Initially, we designed a gfpmut1 gene with a lower GC content, hoping that it might show superior expression in B. anthracis. Using an in silico approach, we exchanged 110 nucleotides in the gfpmut1 gene, reducing the total number of unfavorable codons from 40% to 23%, which resembles the percentage in endogenous genes (Table 3). The codon-optimized gene, gfpopt, was then synthesized and inserted into pUC18 (BlueHeron). This plasmid served as a PCR template for generation of codon-optimized cfpopt, yfpopt, and pagfpopt as outlined in Materials and Methods.

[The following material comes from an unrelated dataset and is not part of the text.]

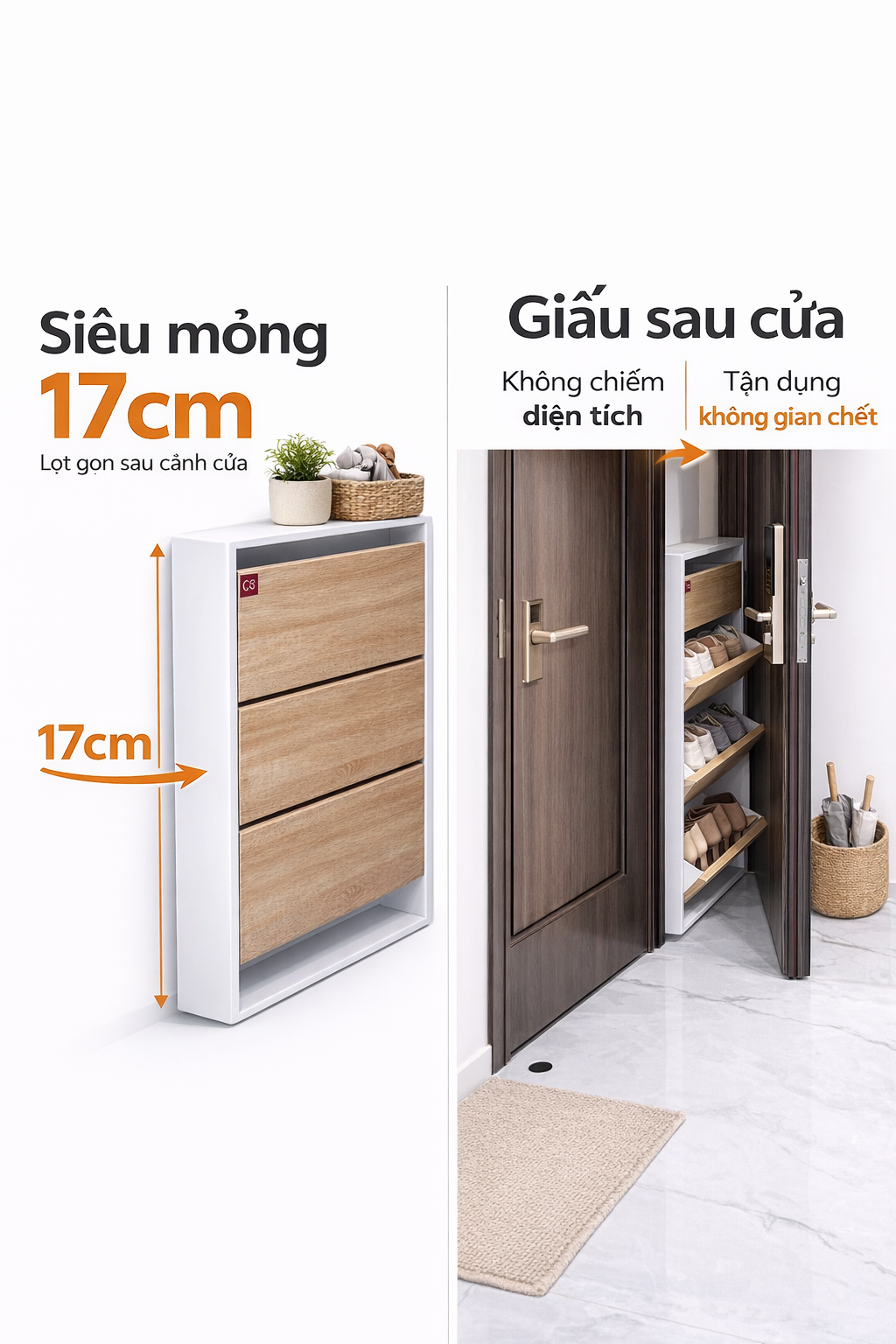 Tủ giày TITI chỉ dày ~17cm, dễ dàng:

An alignment of all codon-optimized FPs with CFPopt is given in Fig. 1. The translated GFPopt had the following exchanges in comparison to GFPopt: Y66W, N146I, M153T, V163A, and H231L, as well as an additional valine at position 2 of the mature protein (Fig. 1). The last two amino acid changes were incorporated to match the protein sequence of CFPopt exactly to that of the Clontech-derived CFP. Consequently, in comparison to the unmodified cfp, a total of 410 nucleotides were exchanged in cfpopt, leading to a lowered GC content of 33.5% and a decrease in the percentage of unfavorable codons to 23% (Table 3).

FIG. 1.

FIG. 1.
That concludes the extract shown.